Bio Ivonne Rietjens Professor Ivonne M.C.M. Rietjens is professor in

Bio Ivonne Rietjens
Professor Ivonne M.C.M. Rietjens is professor in Toxicology and head of the division of
Toxicology at Wageningen University (WU), The Netherlands since 2001. She obtained an
MSc in Molecular Sciences (cum laude) in 1983 and her PhD in Toxicology in 1986 at
Wageningen University. After her PhD she was a postdoc at the National Institute of Public
Health and the Environment (RIVM, Bilthoven The Netherlands) and at the National Institutes
of Health (NIH) in Bethesda (USA) and assistant, associate and later personal professor at
the department of Biochemistry of WU.
She is a member of the Royal Netherlands Academy of Arts and Sciences (KNAW), of the
Supervisory Board of Royal Wessanen and of the Scientific Advisory Board of the National
Institute of Public Health & Hygiene (RIVM). She is also a member of many national and
international advisory committees, including the Dutch Health Council, the Dutch Expert
Committee on Occupational Standards (DECOS), the Senate Commission on Food Safety
from the Deutsche Forschungsgemeinschaft (DFG, Germany) and the FEMA Expert Panel
(USA).
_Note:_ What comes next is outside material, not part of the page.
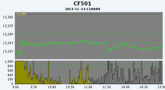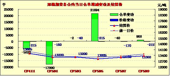 11月14日,鄭棉CF1501、1505合約低開,盤中區(qū)間震蕩,CF1501日線形成小陽線,CF1505形成陰線星,日內(nèi)遠(yuǎn)月成交量放大,持倉量近減遠(yuǎn)增?;久媲闆r:南疆籽棉收價基本平穩(wěn),優(yōu)質(zhì)籽棉逐漸減少,6.4元/公斤的高價仍然存在,中期花主流價格在6.0-6.4元/公斤,降雨降雪后霜花較多,部分軋花廠已停收??κ膊糠謪^(qū)縣、阿克蘇市區(qū)、阿瓦提等地受霜凍影響不大,仍然有少部分籽棉未采摘,但整體質(zhì)量已大不如前,籽棉價格將繼續(xù)下滑。南疆站臺白棉三級主流提貨價在14600元/噸左右,近期下游詢采難增,部分棉紡企業(yè)甚至壓價采購,使得一些新疆軋花廠惜售優(yōu)質(zhì)皮棉。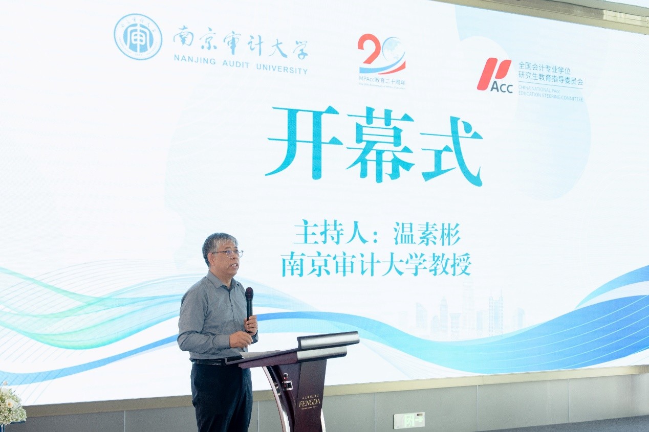 为深入探讨中国现代化进程中会计专业学位研究生教育改革的新路径、新方法,进一步推动江苏省内高校会计专业学位研究生教育的发展与创新,由全国会计专业学位研究生教育指导委员会(简称会计教指委)指导,江苏省会计专业学位研究生教育联合会主办,南京审计大学会计学院承办的第六届“江苏省高校MPAcc教育发展高层论坛”暨“中国现代化与会计专业学位研究生教育改革”研讨会于2025年5月10日成功举办。会计教指委副主任委员王化成教授,会计教指委委员、江苏省会计专业学位研究生教育联合会理事长王跃堂教授,江苏省会计专业学位研究生教育联合会秘书长林树教授,北京经邦大数据科技有限公司陈绪龙总裁,跃客科技付伟总裁,数智教育研究院宋国荣总裁,南京审计大学副校长姜海教授,南京审计大学会计学院院长温素彬教授等专家出席本次会议,共同就新时代下会计教育面临的机遇与挑战展开深入交流与研讨。开幕式由温素彬教授主持。

She has been chairman of the Dutch Society for Toxicology (NVT). From 2003 till
May 2014 she has been member of various EFSA Panels (AFC, ANS, and CONTAM Panel
and the SC) and many EFSA working groups. She has been a member of over 90
committees for evaluation of doctoral dissertations, promotor of 80 PhD students (30 of
which ongoing) and she is author of over 350 scientific publications in refereed journals. She
is editor of several international peer reviewed journals including Chemical Research in
Toxicology, Environmental Toxicology and Pharmacology, Human and Experimental
Toxicology, Molecular Nutrition and Food Research, Chemico-Biological Interactions and
Food and Chemical Toxicology.
Major topics of her research focus on 1) Risk evaluation of food ingredients including natural
toxins and functional food ingredients, 2) Physiologically based kinetic and dynamic models
for low dose cancer risk extrapolation and extrapolation of in vitro concentration response
curves to in vivo dose response curves suitable for risk assessment, 3) Genetic
polymorphisms and consequences of life style factors for individual sensitivity and risk
assessment, 4) Development of mode-of action based bioassays for the detection of
contaminants and beneficial health effects of food ingredients, 5) alternative methods for
animal testing and 6) nanotoxicology.